24 października 2012

ROZDZIAŁ 100

-->
O 15 wyruszyliśmy na przejażdżkę. Czułam adrenalinę już kiedy wspinałam się na motor trzymając ramiona Biebera. Pierwszy raz wyglądał jak nie on. Spodnie nie były już takie luźne, a na górze miał czarną kurtkę bez ozdobników. Sama ubrałam obcisłe rurki i kurtkę skórzaną. Oczywiście wszystko byłoby za mało lanserskie jak dla Justina, bo przecież Ducati to dla niego za mało. Na jego kasku był wielki napis „SWAG”, który od razu rzucał się w oczy.
-Nie uważasz, że gdyby nie ten kask nikt z daleka nie pomyślałby, że to ty?-zapytałam.
-Pewnie masz rację, ale nie mogłem się powstrzymać-powiedział i odpalił silnik.
Wszystkie mięśnie na trzy sekundy zastygły, a wtedy ruszyliśmy. Na początku zerkałam na wszystkie strony oglądając najbliższą okolicę. Wszystko wyglądało miło i sympatycznie, ale kasa wręcz wypływała z każdego miejsca. Samochodów nie było tam jakoś dużo, więc Justin swobodnie się rozpędzał. Bałam się, że spadnę, bo zauważałam tylko odgłos silnika i nacisk powietrza. Trzymałam się jak najmocniej klatki Justina. Przejechaliśmy też do centrum, gdzie pochłaniałam widok sklepów i ludzi. Stojąc na światłach przyglądałam się jeszcze uważnej. Jakieś bogate dziewczyny mniej więcej w moim wieku przechodziły z zarozumiałymi twarzami przez przejście kierując się do kolejnym butików. Pomyślałam, czy np. właśnie z takimi będę się uczyć. Miałam nadzieję, że nie. Czułam się jakbym oglądała 90210 tylko w jakiejś technologicznej wersji gdzie czuję się jakby wszystko było naprawdę. W drodze powrotnej nagle usłyszeliśmy syreny.

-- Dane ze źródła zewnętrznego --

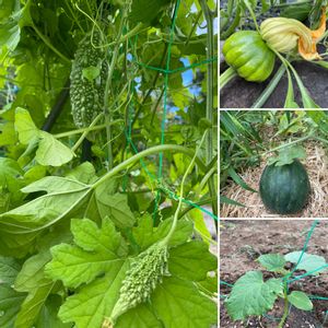 🌱🐶まるさんの家庭菜園より🐶🌱 こんにちは😊 今日はこちらは曇り空で☁️ 昼から…仕事がお休みだったので 畑を見回り👀 ゴーヤ、カボチャ🎃スイカ🍉 順調に成長中です! 右下はきゅうり🥒苗🌱 もう一度植えました! 写真・記録用 今日も頑張れました〜🤗🐶

-Wiedziałem, że to pan-stwierdził policjant, który nas zatrzymał.
-Przekroczenie prędkości?-zapytał spokojnie Justin.
-Nie dziś. Chciałem tylko sprawdzić czy się nie mylę. Miłego dnia i szerokiej drogi . Mam nadzieję, że będzie pan ostrożny.
-Jak to miło z pana strony-powiedział Justin i błyskawicznie odpalił silnik.
Nawet nie zdążyłam się dobrze złapać i lekką mną zatrzęsło. Szybko ścisnęłam kierowcę w pasie. Po dziesięciu minutach byliśmy już w domu. Padłam na kanapę i zaczęłam na nowo podziwiać nasze fotografie. W salonie czułam się nawet dobrze. Justin przysiadł się do mnie i oplótł ramieniem. Jego fryzura była w nieładzie, włosy lekko mokre od potu. Wyglądał bardzo fajnie. Bez tych jego ulubionych rurek i adidasów za kostkę wyglądał na starszego. W tej niesamowitej chwili zadzwonił telefon. Justin odebrał go i przywitał się z Pattie. Zaczął opowiadać o naszej pierwszej przejażdżce i moich wrażeniach co do domu. Kiedy była na głośnomówiącym pozdrowiłam ją i powtórzyłam, że dom jest niesamowity ze trzy razy. Po jej telefonie od razu zadzwoniła moja mama. Zaczęła od tego, czy coś jedliśmy. Powiedziałam, że jedliśmy na mieście. Obiecałam, że potem pogadamy na Skypie i wtedy wszystko pokażę w kamerce.
-Co będziemy robić?-spytałam.
-Jest trochę możliwości. Basen, kino, sauna.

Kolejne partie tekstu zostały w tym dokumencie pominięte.